Barriers to Next-Gen Geothermal

Part Three of Hot Rocks: Commercializing Next-Generation Geothermal Energy
November 16th 2023

This is the third piece in a joint series by Employ America and the Institute for Progress called Hot Rocks: Commercializing Next-Generation Geothermal Energy. We’re examining the potential to commercialize next-gen geothermal energy, the lessons we might learn from the shale revolution, and the federal policy changes needed to make it happen. The introduction to the series is available here. In our first piece, Brian Potter illuminated the incremental technological innovations that led to the shale revolutions. In our second piece, Arnab Datta and Skanda Amarnath described key policy decisions that facilitated the private capital investment necessary to fund and scale those innovations. 

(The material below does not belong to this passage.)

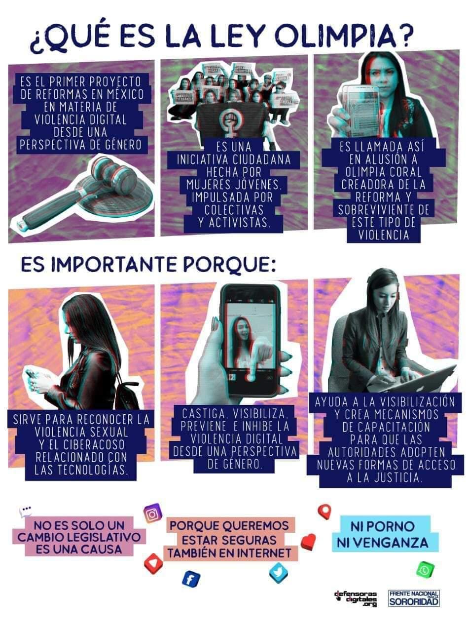 La Ley Olimpia es llamada así en alusión a su autora, Olimpia Coral Melo, quien, tras haber sido víctima de la difusión de un video intimo en 2013, impulsa la reforma en diferentes estados del país junto con el Frente Nacional para la Sororidad, el que está conformado por colectivos feministas de todo el país; cabe mencionar que este es el primer proyecto de reformas en México en materia de violencia digital desde una perspectiva de género.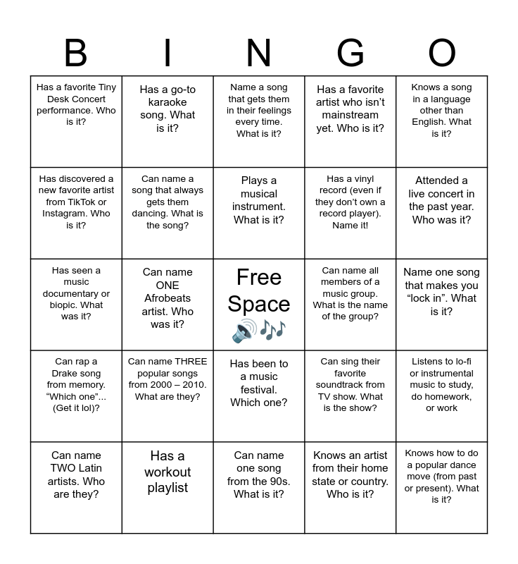 This bingo card has a free space and 24 words: Can name THREE popular songs from 2000 – 2010. What are they?, Has a workout playlist, Plays a musical instrument. What is it?, Can name TWO Latin artists. Who are they?, Knows a song in a language other than English. What is it?, Has a favorite Tiny Desk Concert performance. Who is it?, Has discovered a new favorite artist from TikTok or Instagram. Who is it?, Has a go-to karaoke song. What is it?, Can name all members of a music group. What is the name of the group?, Has been to a music festival. Which one?, Has a vinyl record (even if they don’t own a record player). Name it!, Has seen a music documentary or biopic. What was it?, Can sing their favorite soundtrack from TV show. What is the show?, Listens to lo-fi or instrumental music to study, do homework, or work, Can name a song that always gets them dancing. What is the song?, Knows an artist from their home state or country. Who is it?, Name one song that makes you “lock in”. What is it?, Name a song that gets them in their feelings every time. What is it?, Attended a live concert in the past year. Who was it?, Can name ONE Afrobeats artist. Who was it?, Knows how to do a popular dance move (from past or present). What is it?, Can rap a Drake song from memory. “Which one”... (Get it lol)?, Has a favorite artist who isn’t mainstream yet. Who is it? and Can name one song from the 90s. What is it?.

The promise of next-gen geothermal 

Next-generation geothermal energy is poised for a takeoff. The heat energy stored in Earth’s crust is massive, more than the energy in all known fossil fuels. For decades, this energy source has been hard to exploit at a scale large enough to compete in global energy markets. But the same advances that birthed the shale revolution have created strong tailwinds for next-gen approaches to tapping geothermal resources. 

Getting to a world with abundant geothermal will require continued technological innovation and widespread commercialization. Next-gen geothermal companies need a friendly policy environment to facilitate investment. That investment is necessary to produce technological advancements and move down the cost curve. 

Below, we take stock of the current state of next-gen geothermal, the technological challenges needed to achieve commercial scale, and why the current capital and regulatory environment falls short.

The technological barriers to next-gen geothermal 

Reaching the thermal energy in earth’s crust is fundamentally a technological problem. Conventional geothermal systems (sometimes called hydrothermal) have historically been constrained by the limitations of drilling technology and traditional production techniques. Technological limitations have forced conventional geothermal producers to rely on three highly specific naturally occurring geological conditions: heat, fluids, and permeability. To access geothermal heat with limited drilling technologies, conventional systems have to find the rare locations where heat is close to the surface, like near the intersection of tectonic plates. Conventional systems also require natural reservoirs with high permeability where existing fluids easily flow between injection and production wells. Only once all three of these factors are located can conventional wells efficiently recover geothermal energy: by pumping fluids down an injection well, recovering heated fluids from a production well, and converting the heat into electricity by spinning a turbine.

Source: Analysis of Microseismicity Framing

Relying on specific, naturally-occurring geological factors heavily limits the scale of conventional geothermal energy. Heat, fluids, and permeability rarely come together naturally. The result is that just 0.4% of the United States’ electricity production comes from geothermal. 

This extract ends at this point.